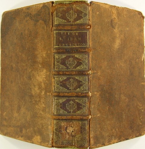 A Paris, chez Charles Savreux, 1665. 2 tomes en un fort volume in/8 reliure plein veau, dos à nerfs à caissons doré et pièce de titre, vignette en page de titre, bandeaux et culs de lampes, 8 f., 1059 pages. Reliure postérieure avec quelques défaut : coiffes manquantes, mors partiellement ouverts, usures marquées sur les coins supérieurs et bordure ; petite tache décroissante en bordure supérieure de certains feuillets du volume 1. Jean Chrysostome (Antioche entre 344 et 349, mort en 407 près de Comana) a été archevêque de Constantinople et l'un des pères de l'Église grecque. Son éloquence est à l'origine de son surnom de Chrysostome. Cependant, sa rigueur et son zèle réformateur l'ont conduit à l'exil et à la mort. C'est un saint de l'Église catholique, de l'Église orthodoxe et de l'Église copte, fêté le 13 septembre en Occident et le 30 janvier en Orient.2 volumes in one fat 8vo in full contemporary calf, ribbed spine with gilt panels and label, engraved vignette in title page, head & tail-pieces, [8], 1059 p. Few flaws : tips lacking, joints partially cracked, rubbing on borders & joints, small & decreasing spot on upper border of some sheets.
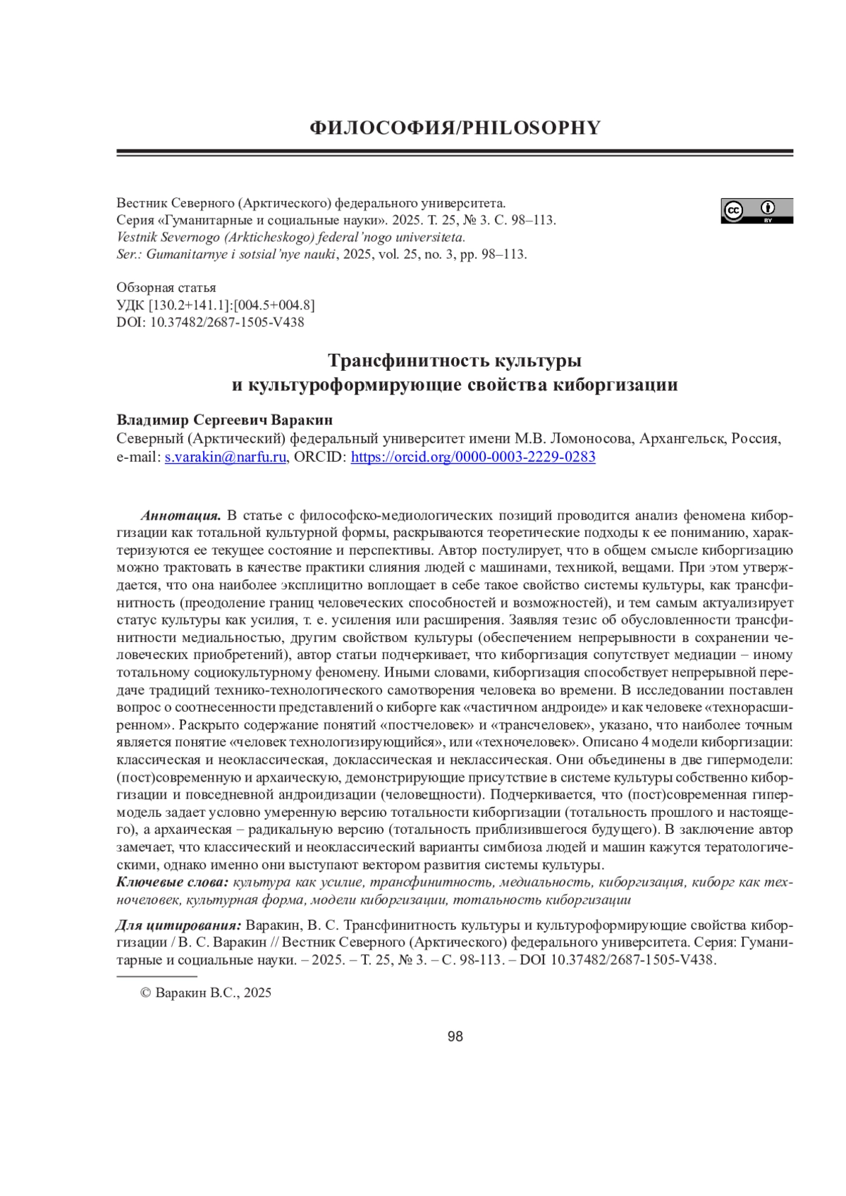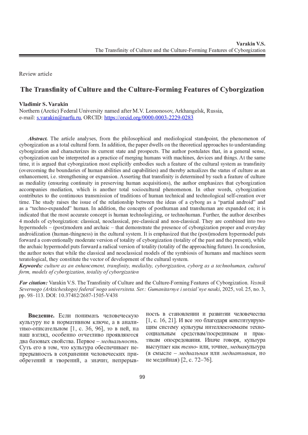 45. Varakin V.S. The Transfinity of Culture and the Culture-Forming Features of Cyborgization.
-*-*-
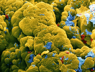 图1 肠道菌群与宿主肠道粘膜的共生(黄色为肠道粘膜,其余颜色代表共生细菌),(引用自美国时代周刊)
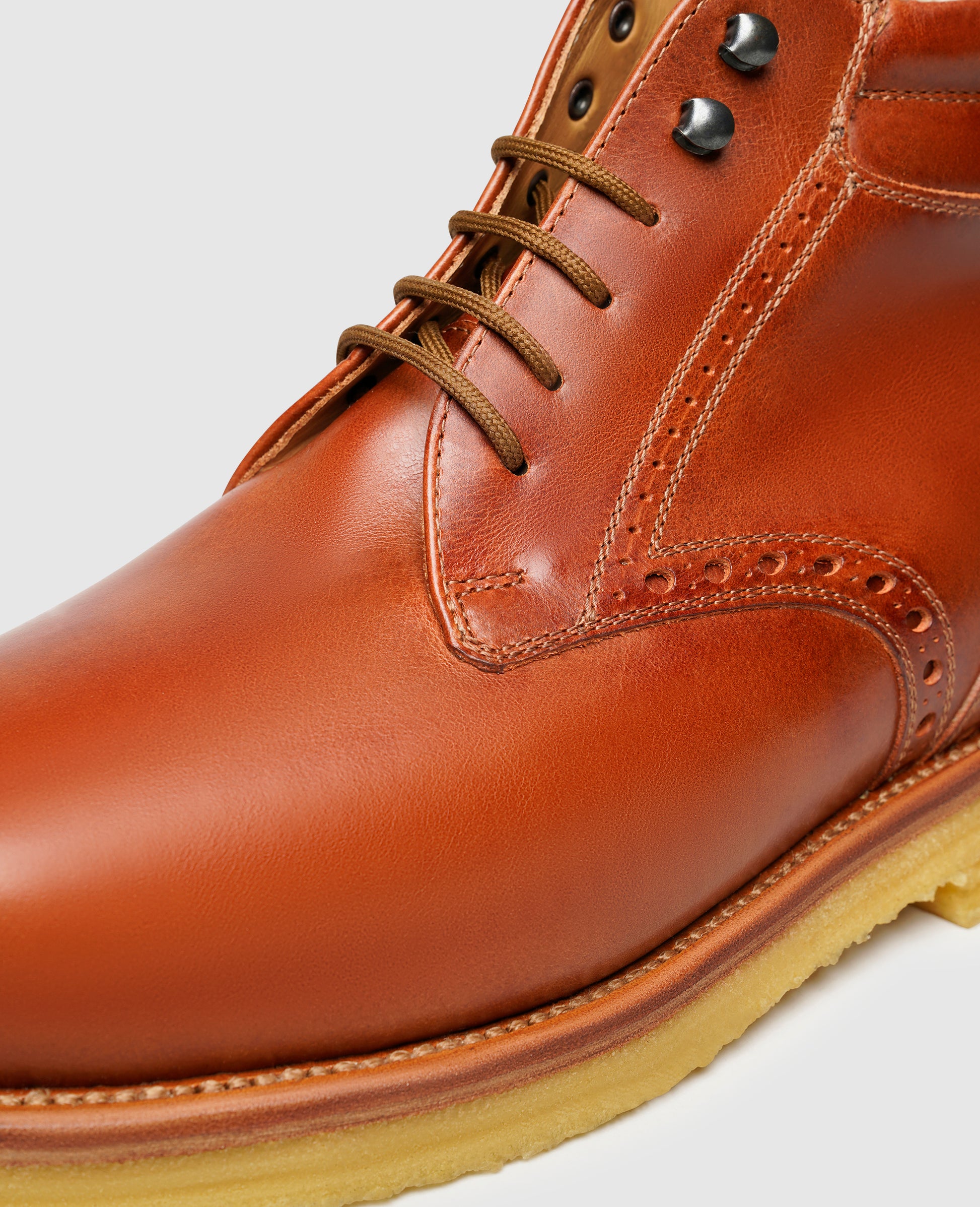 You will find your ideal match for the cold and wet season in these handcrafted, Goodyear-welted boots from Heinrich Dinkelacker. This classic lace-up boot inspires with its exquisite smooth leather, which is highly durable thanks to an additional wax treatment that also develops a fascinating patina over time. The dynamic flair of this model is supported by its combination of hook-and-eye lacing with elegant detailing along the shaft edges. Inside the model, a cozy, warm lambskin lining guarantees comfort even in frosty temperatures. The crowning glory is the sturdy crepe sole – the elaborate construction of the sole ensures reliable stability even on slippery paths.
-*-*-
Work instruction:
Would you copy, word for word, only the lines above from the one containing "图1 肠道菌群与宿主肠道粘膜" through the one containing "You will find", both included, and please leave out the pictures?

Reply:
 图1 肠道菌群与宿主肠道粘膜的共生(黄色为肠道粘膜,其余颜色代表共生细菌),(引用自美国时代周刊)
 You will find your ideal match for the cold and wet season in these handcrafted, Goodyear-welted boots from Heinrich Dinkelacker. This classic lace-up boot inspires with its exquisite smooth leather, which is highly durable thanks to an additional wax treatment that also develops a fascinating patina over time. The dynamic flair of this model is supported by its combination of hook-and-eye lacing with elegant detailing along the shaft edges. Inside the model, a cozy, warm lambskin lining guarantees comfort even in frosty temperatures. The crowning glory is the sturdy crepe sole – the elaborate construction of the sole ensures reliable stability even on slippery paths.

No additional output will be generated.